Just last week, Flemish public transport company De Rijn came under fire for ordering new buses from China’s BYD rather than local manufacturer Van Hool. In the French-speaking Wallonia region, Chinese e-commerce giant Alibaba’s significant presence at Belgium’s largest cargo airport has also raised national security concerns.
“I’m a big fan of free trade, and trade with the rest of the world and trade with China is important, but I just want to see more of an element of reciprocity,” Decroo told POLITICO in late December. Ta.
“For me, I have no problem with the Chinese coming to take over something here, but I just want to be able to do that with them as well,” the Liberal prime minister said.
This time, the business delegation will be much smaller, with just 25 CEOs accompanying Mr de Croo on his visit to Beijing. During the visit, he and China’s Li Qiang are expected to sign a memorandum of understanding on green energy investments.
strategic reciprocity
Francesca Ghiretti, a senior analyst at the Adalga Institute, said it was “very strategic” to put reciprocity back on the agenda for relations with China. But she warned against losing sight of the progress made so far on economic security and falling into a trade dynamic of tit-for-tat.

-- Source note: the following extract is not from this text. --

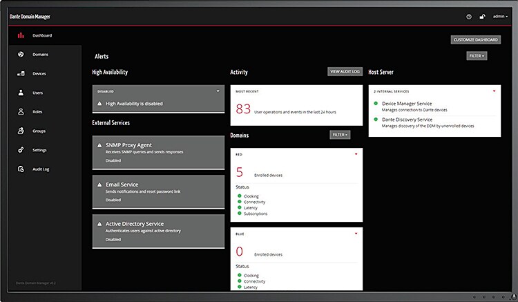 Next, the DDM server administrator can enrol ‘users’ and assign roles (i.e. which functionality a user can access) and domains to each user. This way the whole network can be managed - Dante Controller users only see and have access to the devices and functions they are authorised for by the system administrator. A user can see his or her assigned domains only after logging in to the server with a user name and password. Also, additional information and monitoring is available through a simple ‘dashboard’ web interface that can be accessed through a web browser such as Chrome or Safari.
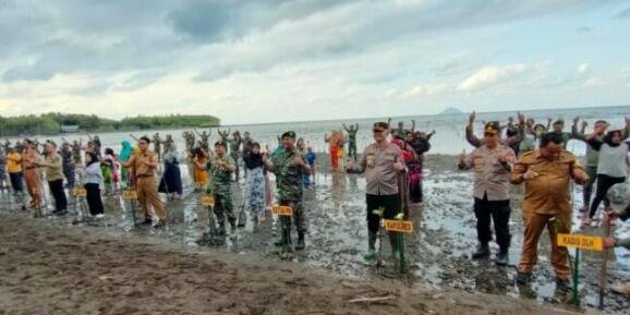 Kodim 1424 Sinjai dengan sejumlah pimpinan Forkopimda dan Pemerintah Kabupaten (Pemkab) Sinjai melakukan penanaman mangrove secara nasional di bibir pantai Dusun Batang, Desa Bua, Kecamatan Tellulimpoe, Kabupaten Sinjai, Senin (15/05/2023).

Like the Netherlands, Belgium is still figuring out how to protect its strategic assets from Beijing’s grasp. The country is home to one of the world’s leading semiconductor research centers, Imec, which also has offices in China.
imec was recently forced to choose a side. The research center, which receives tens of millions of dollars in government subsidies each year, should focus on “primarily like-minded countries,” Flemish Economy Minister Joe Browns told POLITICO in November. .
This tip was quickly adopted. Imec CEO Luc van den Hove said in December that there were still projects with Chinese companies, but during a visit to the United States, where Imec recently opened a new office, they were “It will be phased out gradually,” he promised.
Pieter Haeck, Barbara Moens and Stuart Lau contributed reporting.